The results update comes hot on the heals of it detailing its new management structure. This week, Business Report reported: “ Fresh executive team at Tiger Brands to drive growth in its new business units.” (Readers can click on the embedded link to see the new structure).

Tiger Brands said on Thursday: “The business is currently busy with the next level of restructuring below the managing director level. A key objective of this re-structure is to deploy support functions and shared services from head office back into the business units, which is aimed at achieving the following objectives:

- Operating a decentralised model with most decisions being made at the business unit level.

- Quicker and better decision making with regard to manufacturing, procurement and customers, as well as speed to market.

The group said it anticipated the second part of the restructure would be completed by the end of the second quarter.

Restoring cost leadership

“In line with our revised operating model aimed at empowering the business units, efforts to decentralise procurement based on uniqueness of spend are well advanced,” it said.

The renewed focus on rationalising stock keeping units (SKU) would reduce complexity, resulting in manufacturing and procurement efficiencies in due course. Additionally, achievements in portfolio and SKU rationalisation were expected to reduce the number of brands requiring support, allowing for more focused investment yielding a higher return on investment, said the firm.

Multiple value engineering projects had been expedited to improve the competitiveness of core brands and were expected to start delivering results within 2024.

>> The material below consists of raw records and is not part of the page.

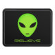 Believe...Funny green alien head custom tow hitch cover. Personalize with your own space quote or text. Cool gifts for Birthday, sci fi events and more. Alien cartoon with big black eyes.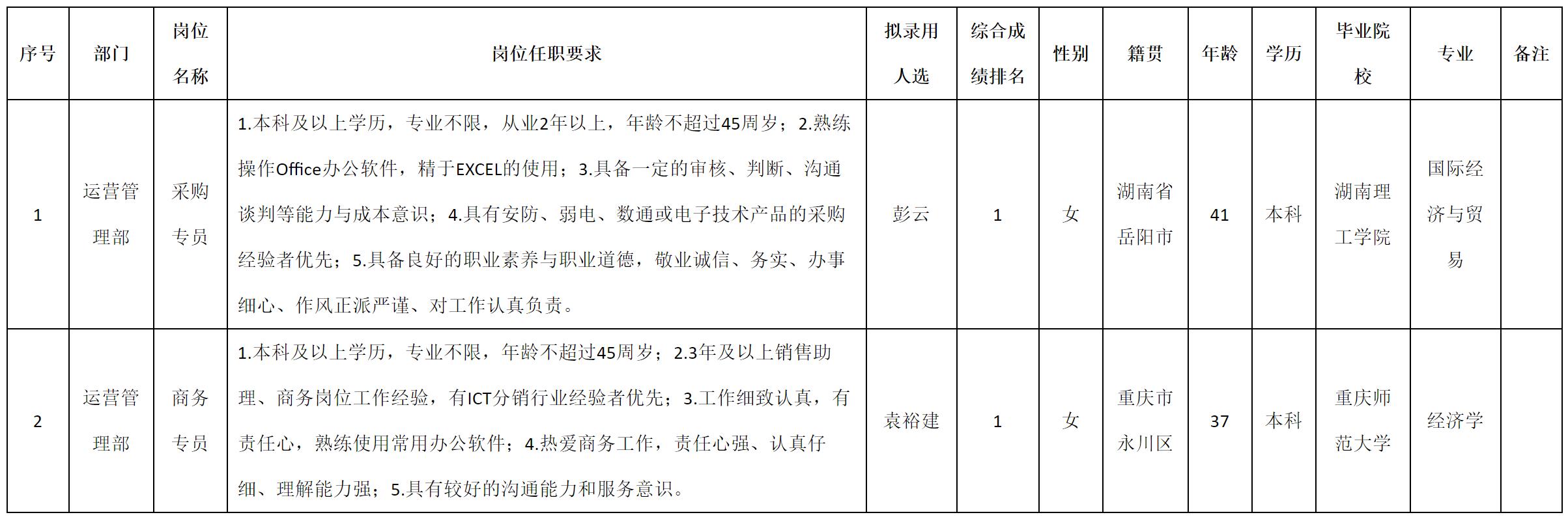 根據(jù)四川科瑞軟件有限責任公司發(fā)布的招聘公告及招聘相關規(guī)定,經測試、考察、體檢等程序,擬錄用彭云等2名同志到四川科瑞軟件有限責任公司工作,現(xiàn)予以公示,具體情況如下: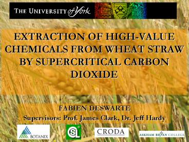 Title: EXTRACTION OF HIGHVALUE CHEMICALS FROM WHEAT STRAW BY SUPERCRITICAL CARBON DIOXIDE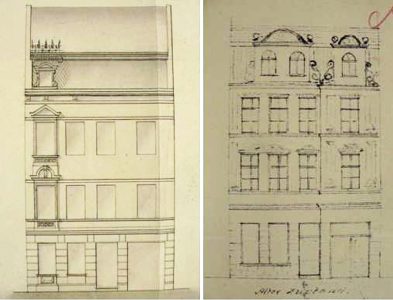 W teczkach są też bardzo interesujące plansze z projektami usytuowania ewentualnych plomb z obu stron kamienicy Biskupia 6, dotąd niezrealizowane.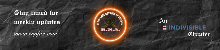☀️ The Resistance Network of Arizona is a grassroots coalition committed to building a more just, inclusive and liberated future. We organize around community outreach, mutual aid and direct action to raise public awareness and hold politicians accountable. We are a proud chapter of Indivisible.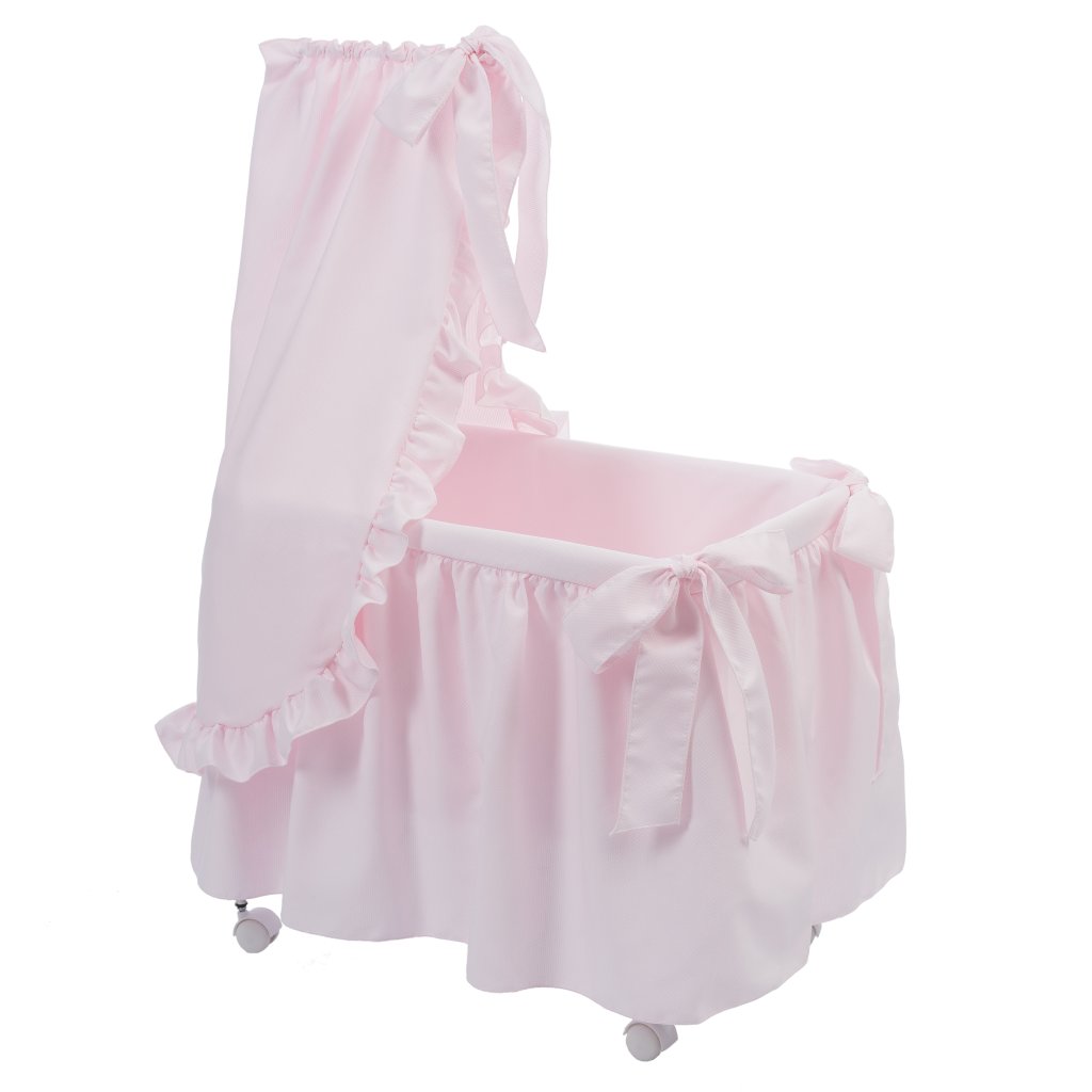Ružová kolíska s baldachýnom pre bábiky je tým najkrajším darčekom pre každú malú princeznú a jej bábiku. Pri výrobe sú používané vysokokvalitné luxusné materiály a zároveň ručná práca s detailným spracovaním je zárukou kvality, výroba 100% v Španielsku.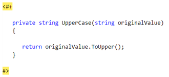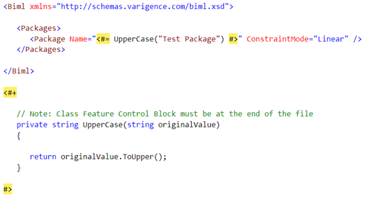 A very contrived example might be to include a function that creates an upper case string. This function could easily be achieved by using the ToUpper() function within your C# Biml Script and is only being used to demonstrate the use of a Class Feature Control Block.

Portfolio optimisation and capital allocation

“It is important that we direct our resources, both financial and human capital, towards the business segments, which generate or, have the potential to generate the highest returns. To date, significant progress has been made on the disposal of certain non-core brands within HPC. In addition, focused initiatives are under way to optimise current working capital levels,” Tiger Brands said.

A detailed capital allocation framework review and portfolio rationalisation exercise was also under way, with a further update expected during the the year.

“While no sale has been concluded in terms of the Deciduous Fruit business, operations have been extended for another season as we continue to explore optimal solutions for this business,” it added.

Market and trading environment overview

Tiger Brands said that given the slow start to the year, much of which was a function of the internal headwinds the company had been facing, as well as a continuation of the under-performance of the last nine months of 2023, operating income for the six months ending March, 31, 2024 was expected to be flat to lower, relative to the same period last year.

The second quarter recovery remained largely dependent on improved trading before Easter.

The company reassured investors that “management is focused on restructuring the business for the long term and believes that the current restructuring efforts will start to gain momentum in the second half of the year”.

However, markets reacted negatively on Thursday, which saw the share price end the day 3.59% lower at R202.91.

This as in the past six months, the share price has surged 29.32% and is up 4.56% in the year to date.

Of note, the share price has only fallen 1.57% in the past three years despite the challenges of Covid-19, geopolitical volatility that disrupted supply chains and caused a spike in prices, rate hikes in the face of high inflation and surging food prices, among other factors.

This after its reputation was shredded in 2018 after its meat division’s Enterprise Foods brand was at the centre of a listeriosis outbreak in South Africa, which claimed roughly 200 lives.

There is a class action lawsuit on the cards against Tiger Brands, with lawyers muscling up on documentation and evidence.